//! # `🗜 presser`
//!
//! **Utilities to help make copying data around into raw, possibly-uninitialized buffers
//! easier and safer.**
//!
//! ## Motivation
//!
//! `presser` can help you when copying data into raw buffers. One primary use-case is copying data into
//! graphics-api-allocated buffers which will then be accessed by the GPU. Common methods for doing this
//! right now in Rust can often invoke UB in subtle and hard-to-see ways. For example, viewing an allocated
//! but uninitialized buffer as an `&mut [u8]` **is instantly undefined behavior**\*, and `transmute`ing even a
//! `T: Copy` type which has *any padding bytes in its layout* as a `&[u8]` to be the source of a copy is
//! **also instantly undefined behavior**, in both cases because it is *invalid* to create a reference to an invalid
//! value (and uninitialized memory is an invalid `u8`), *even if* your code never actually accesses that memory.

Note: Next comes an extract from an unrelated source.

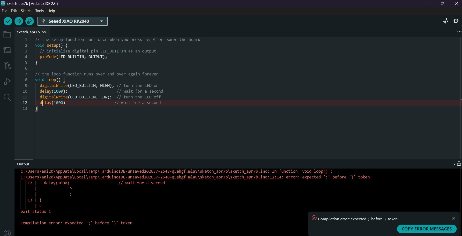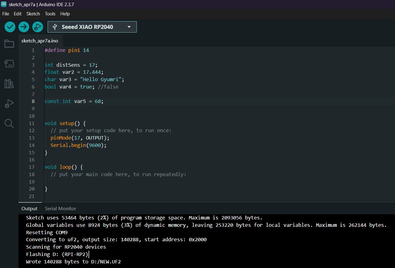 This week, I learned the fundamentals of embedded programming by working with the Seeed Studio XIAO RP2040 microcontroller. I gained experience in writing, verifying, and uploading programs using the Arduino IDE, and I worked with digital outputs by controlling LEDs and creating simple lighting effects.

//! This immediately makes what seems like the most straightforward way to copy data into buffers unsound 😬.
//!
//! `presser` helps with this by allowing you to view raw allocated memory of some size as a "[`Slab`]" of memory and then
//! provides *safe, valid* ways to copy data into that memory. For example, you could implement [`Slab`] for your
//! GPU-allocated buffer type, or use the built-in [`RawAllocation`] workflow described below, then use
//! [`copy_to_offset_with_align`] to copy any `T: Copy` data into that buffer safely for use on the GPU.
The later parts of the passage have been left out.